BEGIN

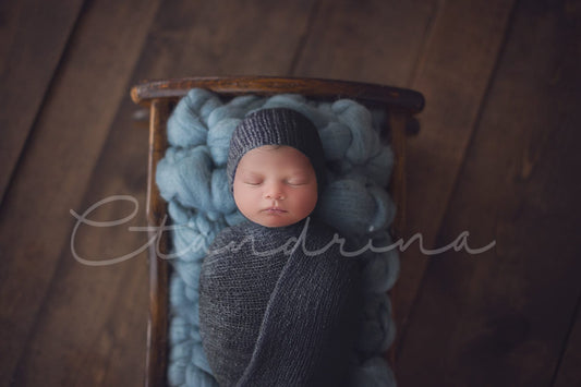Antique Cradle with Blue Bump Blanket and Cotton Newborn Digital Backdrop
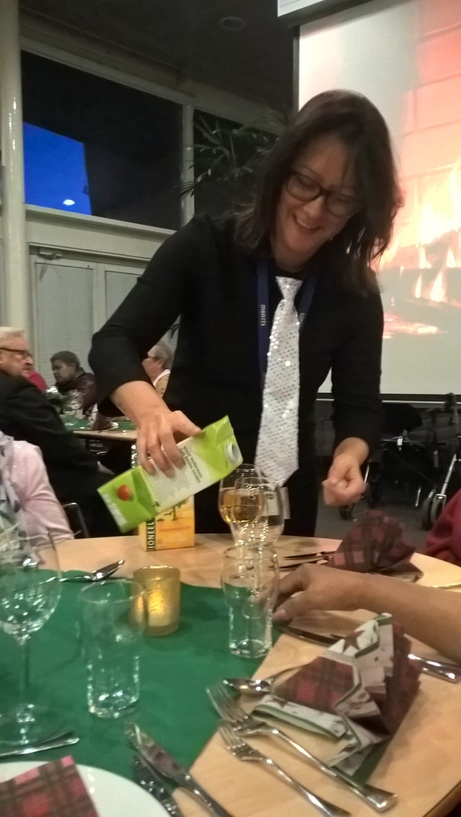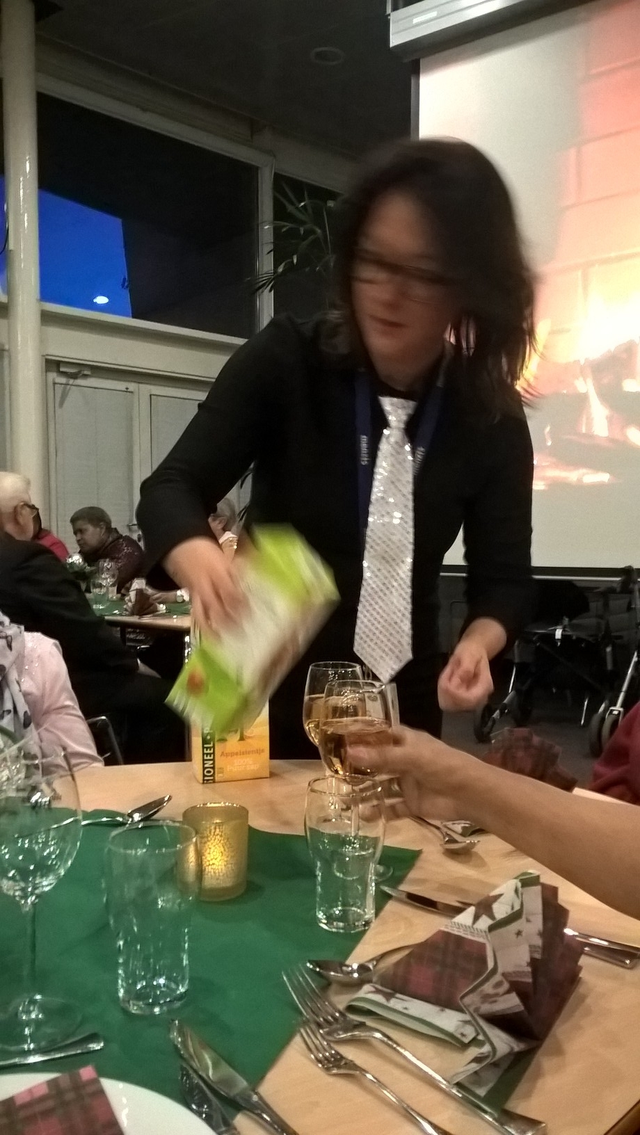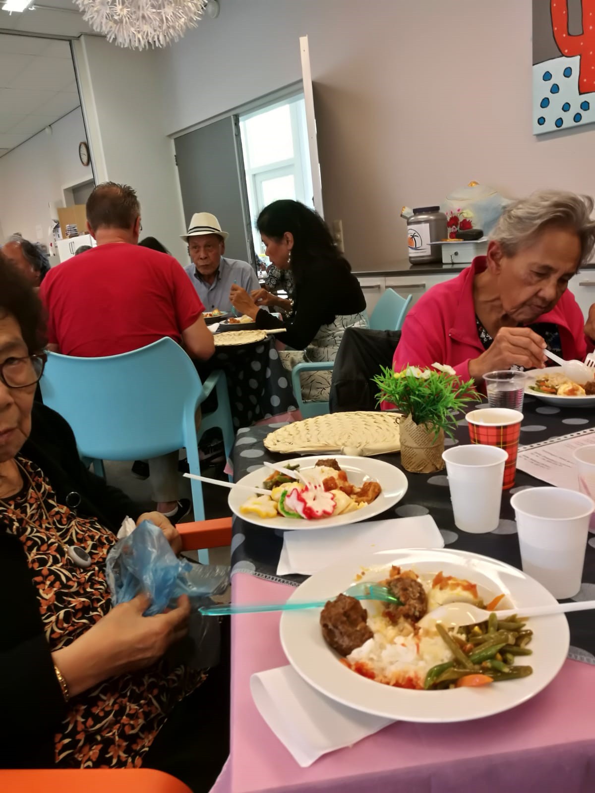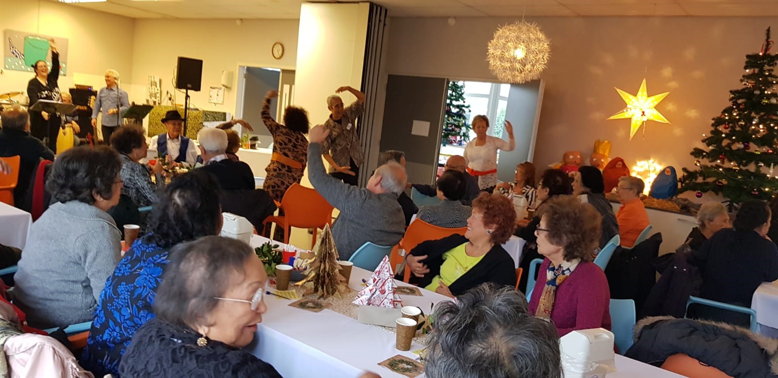 We hebben van Menzis Wageningen een uitnodiging ontvangen om met een aantal ouderen een Kerstdiner bij te wonen. Daar hebben wij gretig gebruik van gemaakt. We hebben een willekeurig aantal ouderen gevraagd om met ons mee te gaan en een paar vrijwilligers als begeleiders.
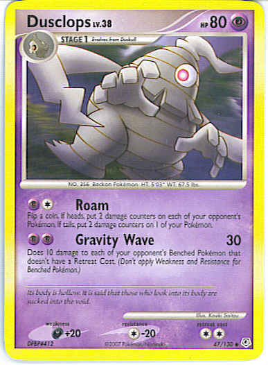 Type | Psychic | Pokemon serie | Diamond and Pearl | Stadie | Stage 1 | HP | 80 | Sjældenhed | Uncommon | Tilbagetrækning | 2 | Modstand | C-20 | Svaghed | D+20 | Kortnummer | 47 | Evne |

END

# YOUR OBJECTIVE:
The copy must match the listing above exactly but contain no pictures.

# RESULT FOR THIS EXERCISE:
Antique Cradle with Blue Bump Blanket and Cotton Newborn Digital Backdrop
 We hebben van Menzis Wageningen een uitnodiging ontvangen om met een aantal ouderen een Kerstdiner bij te wonen. Daar hebben wij gretig gebruik van gemaakt. We hebben een willekeurig aantal ouderen gevraagd om met ons mee te gaan en een paar vrijwilligers als begeleiders.
 Type | Psychic | Pokemon serie | Diamond and Pearl | Stadie | Stage 1 | HP | 80 | Sjældenhed | Uncommon | Tilbagetrækning | 2 | Modstand | C-20 | Svaghed | D+20 | Kortnummer | 47 | Evne |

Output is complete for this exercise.